Data:
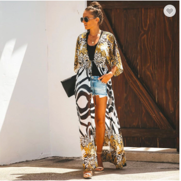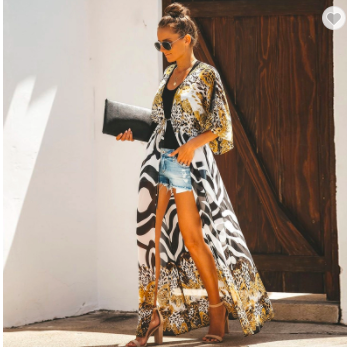 Restocking Oct 30th 2021 Chiffon Zebra Leopard Print Long Kimono Cardigan Beach Cover Up With Drawstring
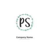 P S PS Wstępny projekt pisma ręcznego i logo podpisu z okręgiem. Piękny projekt ręcznie pisane logo mody, zespołu, ślubu, luksusowe logo.
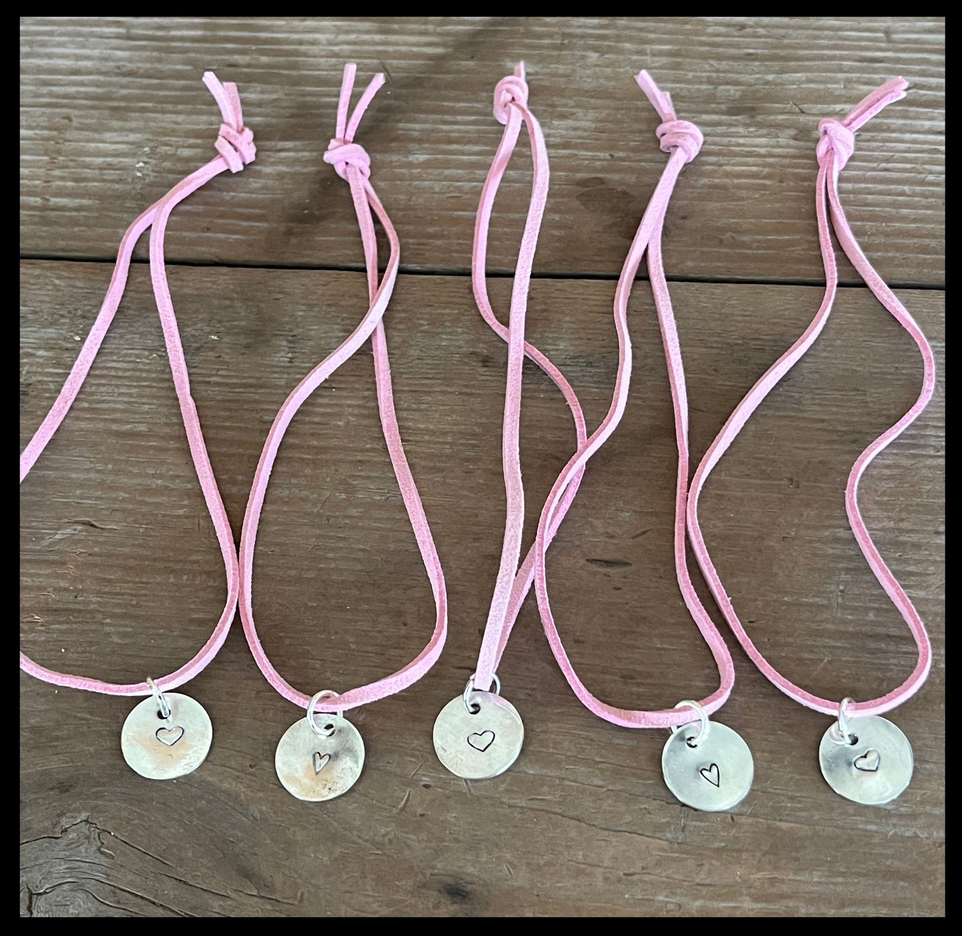 Each one hangs from a soft pink leather/suede tie you knot to whatever length feels right.
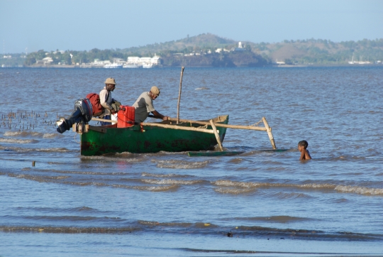 départ des pêcheurs, plage de Passamainty
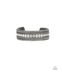 A row of glittery white rhinestones line the center of a studded silver cuff for an edgy look.
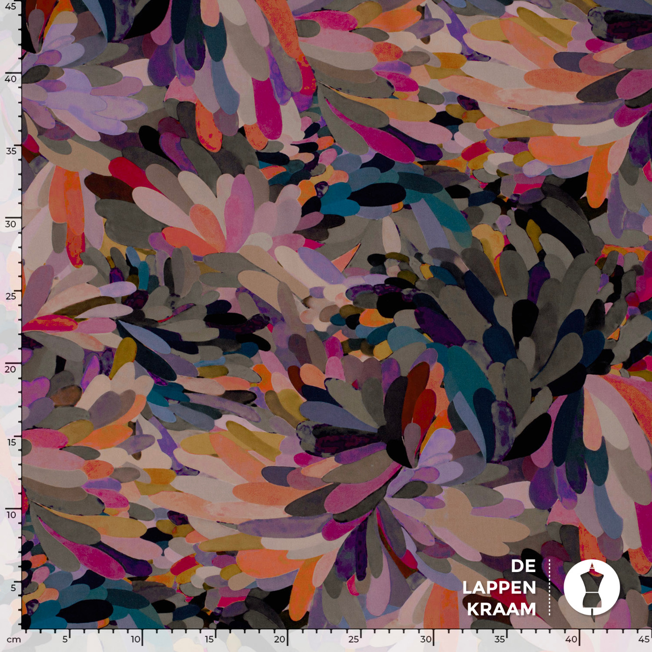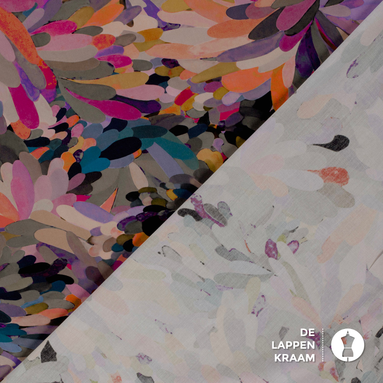 Viscose stof met gestyleerde bloemenprint in rozetinten
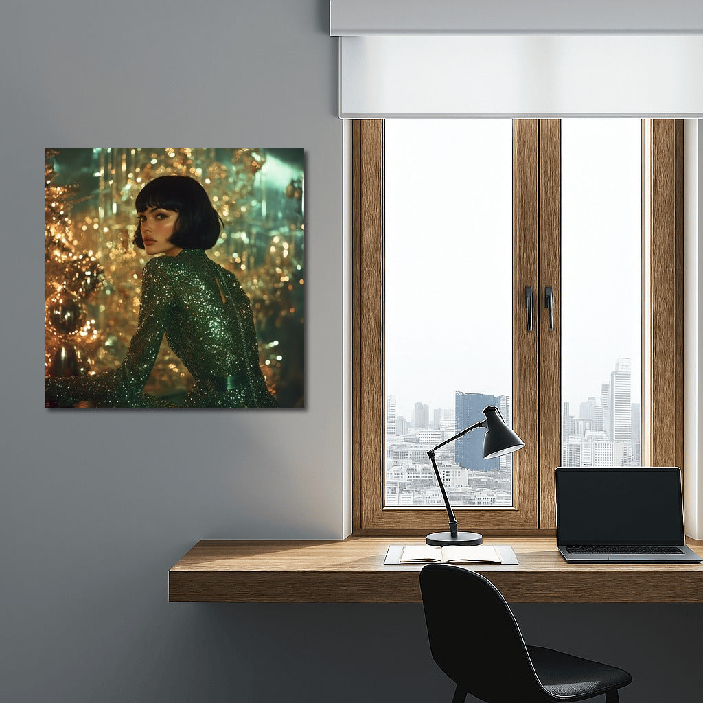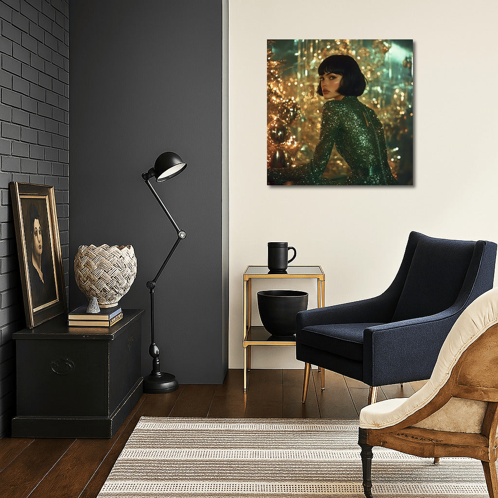 Sparkling wall art: a mysterious figure in glitter and glamour. Magic and style create an unforgettable atmosphere. See more from the collection: Wall Art with Women
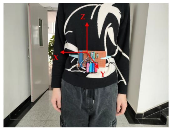 As illustrated in Figure 8, the MPU-6050 device produced by InvenSense Company (San Jose, CA, USA) is worn on the tester’s waist, close to the abdomen, and includes an accelerometer and a three-axis gyroscope. The linear acceleration in the vertical direction and yaw angle data are collected at a sampling rate of 50 Hz.
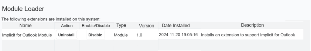 1. Start by installing the Implicit for Outlook Module on the CRM Server – This is required for the Implicit side panel to show up in Outlook or in a web browser.
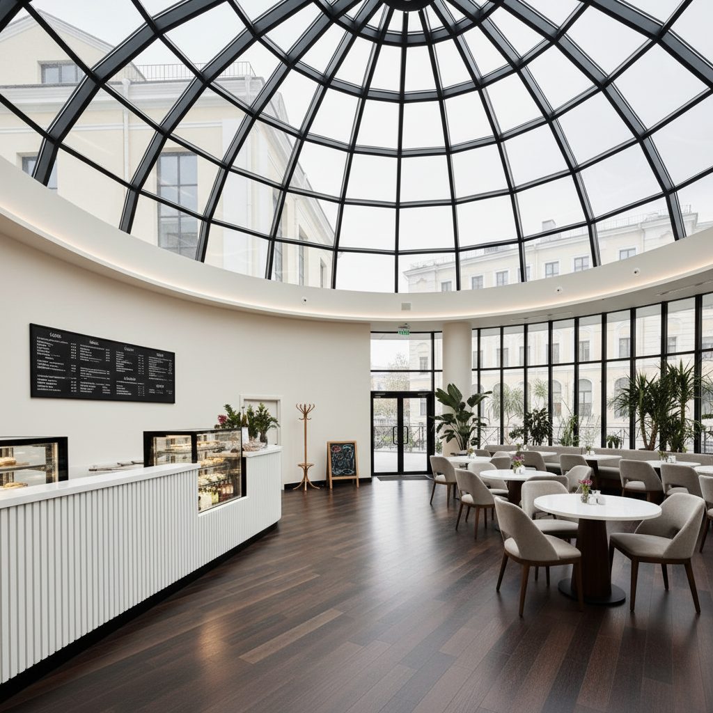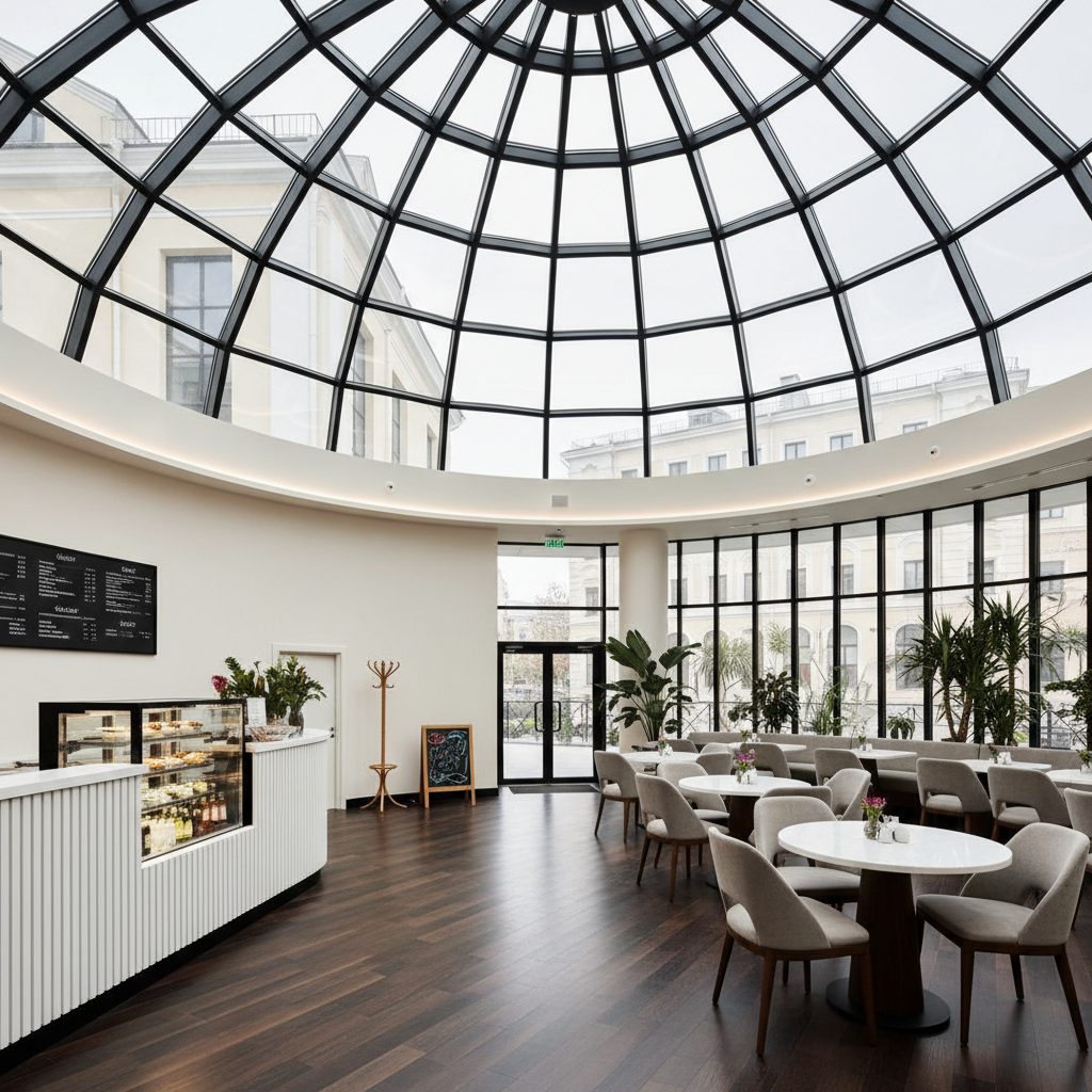 Предлагаю вашему вниманию стильную кофейню, расположенную в современном жилом комплексе в Москве.
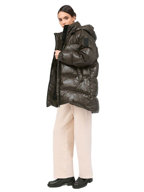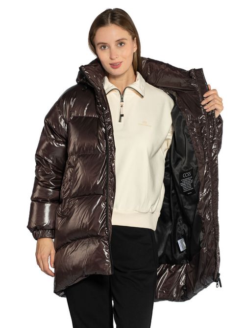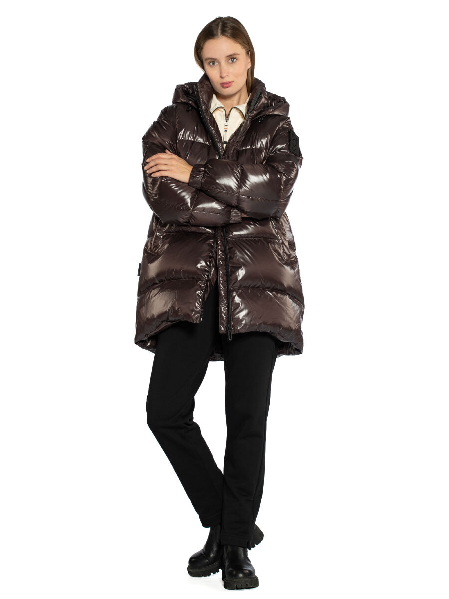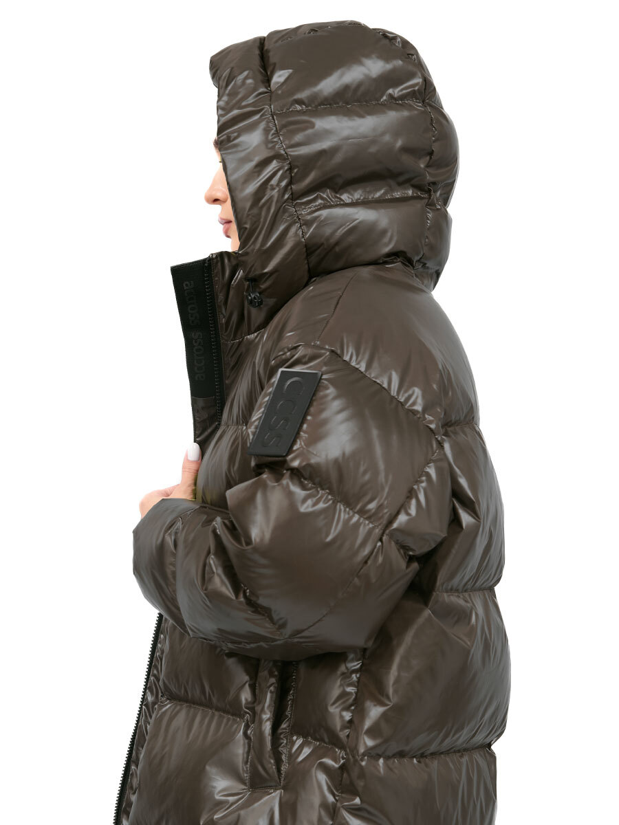 Пуховик женский Igor Plaxa DA91650. Пуховик прямого кроя со спущенной линией плеча представляет линейку Accross функциональной одежды в городском стиле и стиле спорт-шик. Эффектный внешний материал имеет мультифиламентную нить с водоотталкивающей пропиткой, которая повышает устойчивость ткани к неблагоприятным погодным условиям. Центральная двухзамковая молния выполнена с внутренней ветрозащитной планкой и нашивкой Accross. Высокий воротник-стойка дополнен регулируемым капюшоном. Пуховик отшит с удлиненной спинкой, а кулиска по нижнему краю помогает сформировать О-силуэт. Два теплых кармана закрыты планками. Внутри куртки два кармана на молнии. В манжеты рукавов вшита эластичная резинка, защищающая от снега и ветра. Завершает дизайн съемный брендированный патч на рукаве. Функциональная пуховая куртка в городском стиле, наполненная отборной пуховой смесью. Состав: 100% полиэстер. Подкладка: 100% полиэстер. Наполнитель: 90% пух, 10% перо. Цвет: коричневый. Страна производства: Россия.

Directions: Give again, word for word, every line from the top of the entries above to the line holding "Sparkling wall art: a", both included. Leave the pictures out.

Result of the task:
 Restocking Oct 30th 2021 Chiffon Zebra Leopard Print Long Kimono Cardigan Beach Cover Up With Drawstring
 P S PS Wstępny projekt pisma ręcznego i logo podpisu z okręgiem. Piękny projekt ręcznie pisane logo mody, zespołu, ślubu, luksusowe logo.
 Each one hangs from a soft pink leather/suede tie you knot to whatever length feels right.
 départ des pêcheurs, plage de Passamainty
 A row of glittery white rhinestones line the center of a studded silver cuff for an edgy look.
 Viscose stof met gestyleerde bloemenprint in rozetinten
 Sparkling wall art: a mysterious figure in glitter and glamour. Magic and style create an unforgettable atmosphere. See more from the collection: Wall Art with Women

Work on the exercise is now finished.